Natasha Lehrer writes that after Dreyfus’s pardon and resignation from the army in 1908, “he lived quietly until his death in 1935”. Far from it. Dreyfus took an active interest in French society and politics in the years before the outbreak of the First World War, publishing and lecturing in particular on the history of syndicalism. More significantly, shortly before his fiftyfirst birthday, Major Alfred Dreyfus received his mobilization orders on August 2, 1914, subsequently serving as an experienced and efficient artillery officer both during the crucial defence of Paris in 1914 and throughout the Western Front, at times in dangerous and difficult circumstances, until 1918 when he was made a full Lieutenant Colonel, and from chevalier of the Legion of Honour was promoted to officier. As the Journal de Genève exclaimed in a headline: “Quantum mutatus ab illo”.

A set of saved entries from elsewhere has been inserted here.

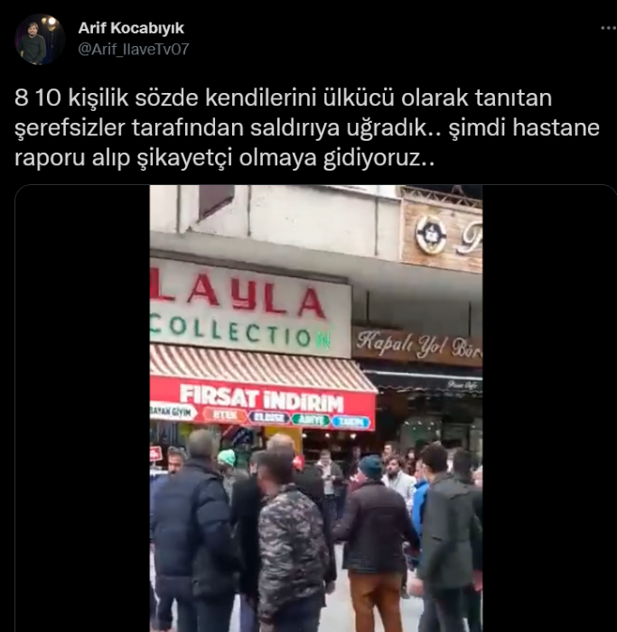 Arif Kocabıyık, Twitter hesabından sokak röportajı yaptığı sırada saldırıya uğradığını açıkladı. Arif Kocabıyık, saldıran kişilerin kendilerini "ülkücü" olarak tanıttığını iddia etti. Darp raporu alarak şikayetçi olacağını söyleyen Kocabıyık'ın paylaşımı şöyle: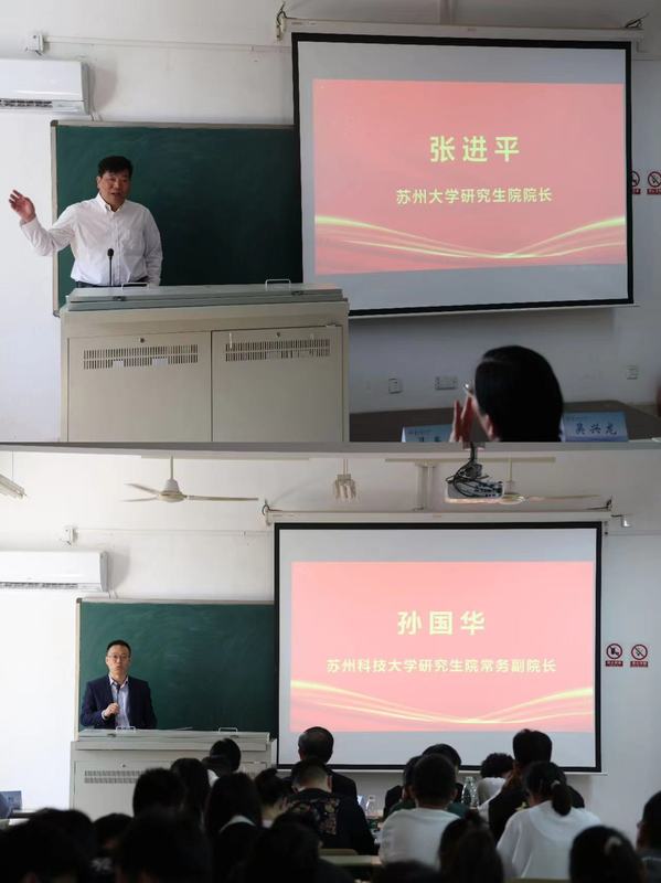江苏省理学Ⅰ类研究生教育指导委员会副主任吴兴龙教授、委员薛怀国教授,以及省内10多所高校校领导、院领导等评审专家,江苏省材料学会秘书长强星教授,苏州科技大学党委常委、副校长李勇,研究生院常务副院长孙国华,苏州科技大学物理科学与技术学院院长马春兰、副院长郝翔、苏州大学物理科学与技术学院副院长杭志宏以及来自武汉大学、南京大学、东南大学等多所省内外高校的136位研究生参加开幕式。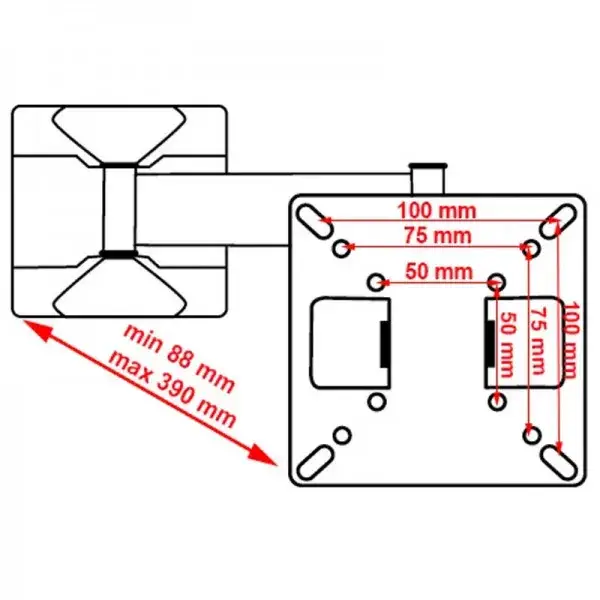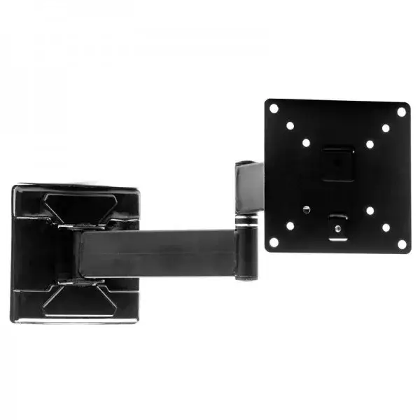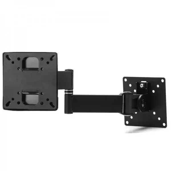 Виносне настінне кріплення, з нахилом та поворотом для 14-23"" LED, РК телевізорів та моніторів. VESA: 50x50 мм, 75x75 мм, 100x100 мм. Допустиме навантаження: 15 кг. Вага кронштейна – 1 кг Вузол нахилу: один ±70° Вузлів повороту: три, 180 ° / 360 ° / 180 ° Відстань від стіни: хв. 88 мм, макс. 390 мм. Гарантія: 7 років Матеріал: сталь. Колір чорний. особливості: високоміцні вироби завдяки технології виробництва з використанням не порошкової сталі, а листової, при холодному штампуванні відбувається додаткове ущільнення матеріалу відповідно до зміцнення виробу, збільшення стійкості до навантажень, комплектація з високоміцними наборами металовиробів. Тип з'єднання: зварювання - найміцніший вид з'єднання на сьогоднішній день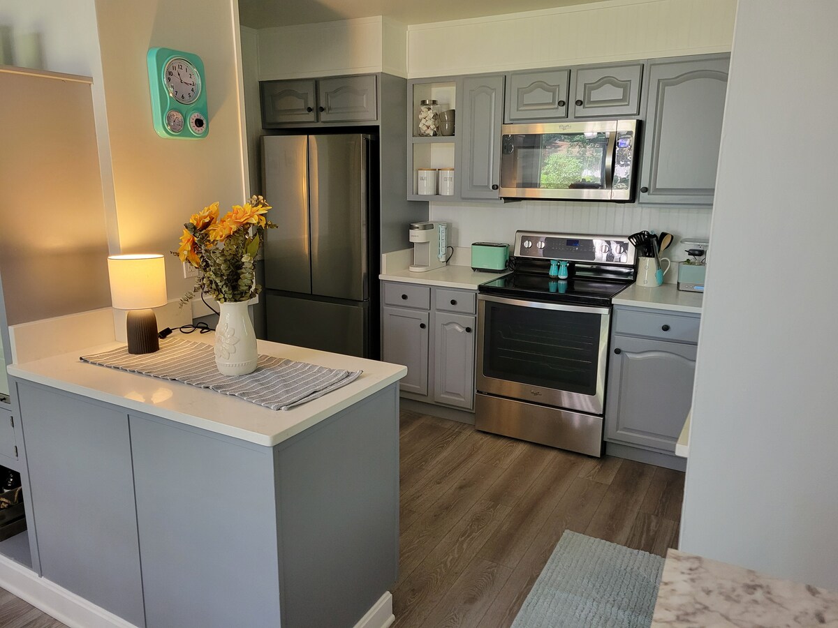 Uživajte v našem 3-nadstropnem prenočišču v Bellefonteju in preverite, zakaj je bilo naše mesto ocenjeno kot eno od 10 najbolj očarljivih mest v Pensilvaniji! Če iščete udobno prenočišče za obiske, dogodke ali praznike, vam bo naša hiša všeč! Je dobro urejen in lepo prenovljen. Ponaša se s 5 spalnicami in 3,5 kopalnicami, do Bobra pa je le 14 minut Stadion! Preprosto ga je najti, blizu vsega, kar potrebujete, s 4 namenskimi parkirnimi mesti v osrčju Happy Valleyja. Oglejte si naš vodnik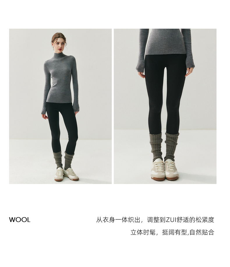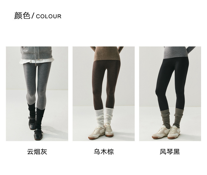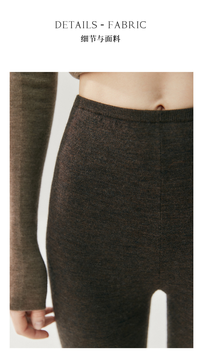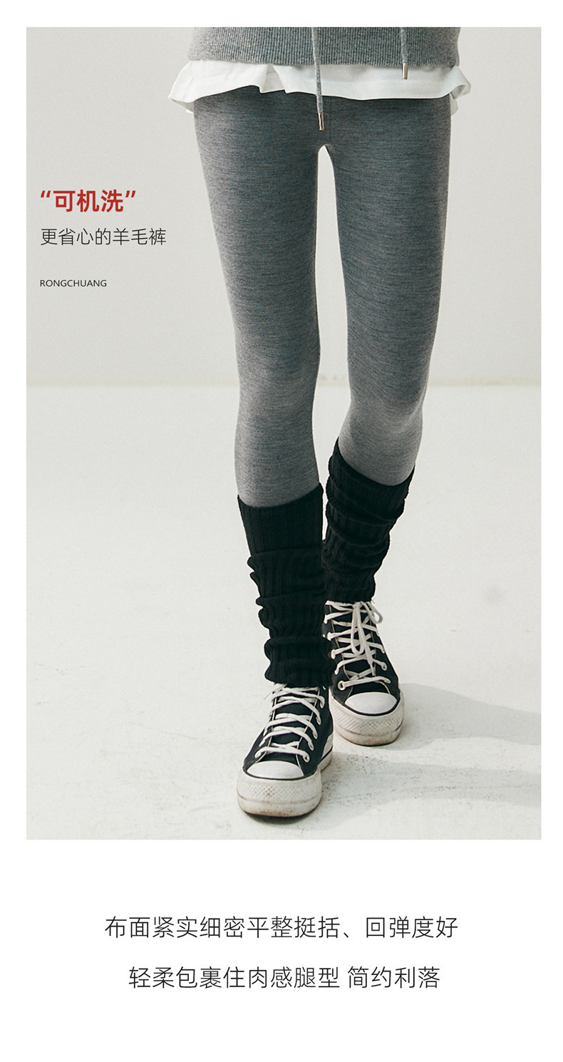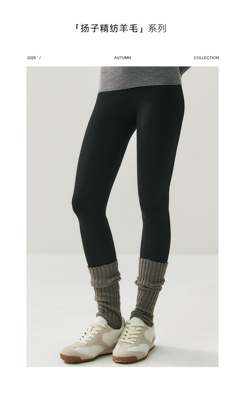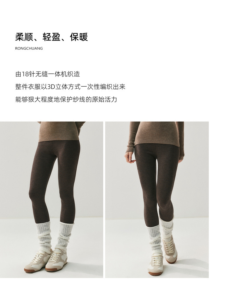 秋冬新款精纺纯羊毛针织无缝打底裤女款高腰显瘦纯色百搭健美裤子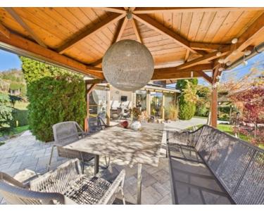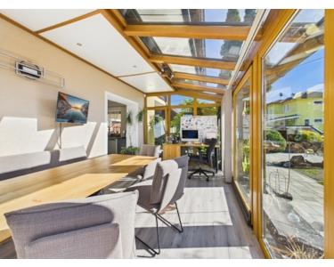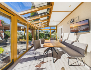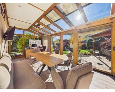 Besonderes Augenmerk verdient der südseitige Wintergarten, der nahtlos an den offenen Wohnbereich anschließt und durch großflächige Glasfronten einen harmonischen Übergang in den Garten schafft. Von hier aus gelangt man auf die großzügige Terrasse, die mit einer eleganten Pergola und einem raffinierten Sonnenschutzsystem ausgestattet ist. Eine Aufglas-Markise sorgt auch an heißen Tagen für angenehmen Schatten und macht diesen Bereich zum idealen Rückzugsort für sonnige Stunden im Freien.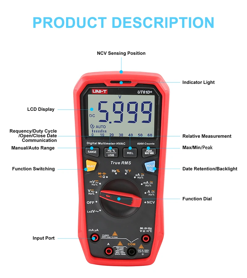 UNI-T UT61B + цифровой мультиметр True RMS AC/DC тестер сопротивления тока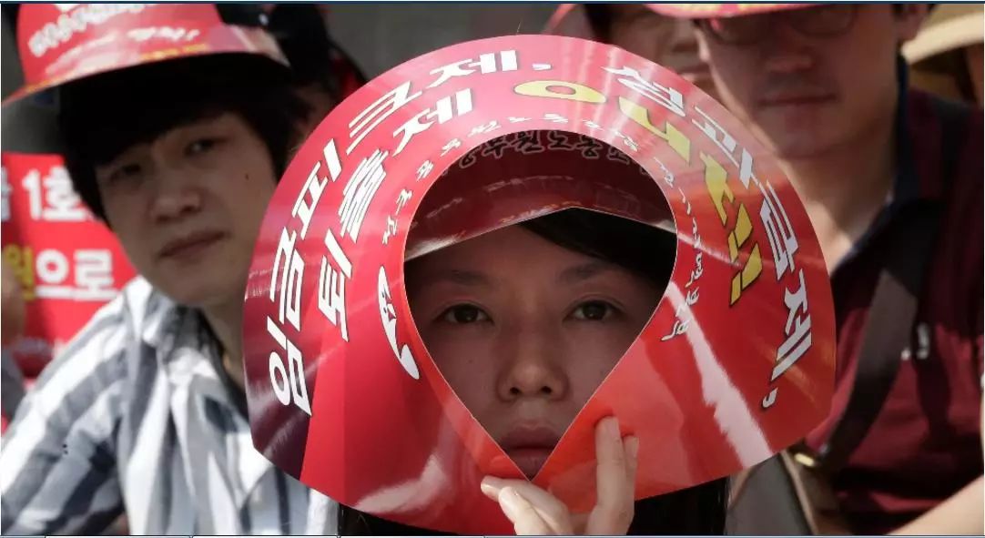根据韩国统计厅2013年数据调查,韩国全国将近208.8万位月薪制劳工,有超过11.8%的比例,也就是21万上班族,领不到当时法规最低时薪4,860韩元 ——即雇主使用各样各样的借口与手段,“合法地”支付给工人低于基本工资的薪水。

■ Colin Lovelace Anglet, France

In her excellent review of Maurice Samuels’s book on Alfred Dreyfus (May 30), Natasha Lehrer notes that Dreyfus died in 1935, and so was “not to witness France’s betrayal of its Jewish population five years later”. This called to mind the bitter sense of shock I felt years ago when I found Dreyfus’s family tomb at the Montparnasse cemetery and saw the name of his granddaughter directly below his, with the inscription: “A la mémoire de Madaleine LEVY deportée par les allemands disparue à Auschwitz à l’age de 25 ans”.

Jack Flam New York

Garden chinoiserie

Nicola Shulman (May 24) writes of the eighteenth-century English landscape garden, as popularized by the likes of “Capability” Brown, as a reaction to French formalism, no doubt seeing it as part of the century-long Anglo–French rivalry. She regards it as a “Whiggish version of nature, all grass and water, grottoes, rides and templehaunted slopes”, and claims that, “despite its fakeries and upheavals”, it has entered the English “cultural bloodstream”.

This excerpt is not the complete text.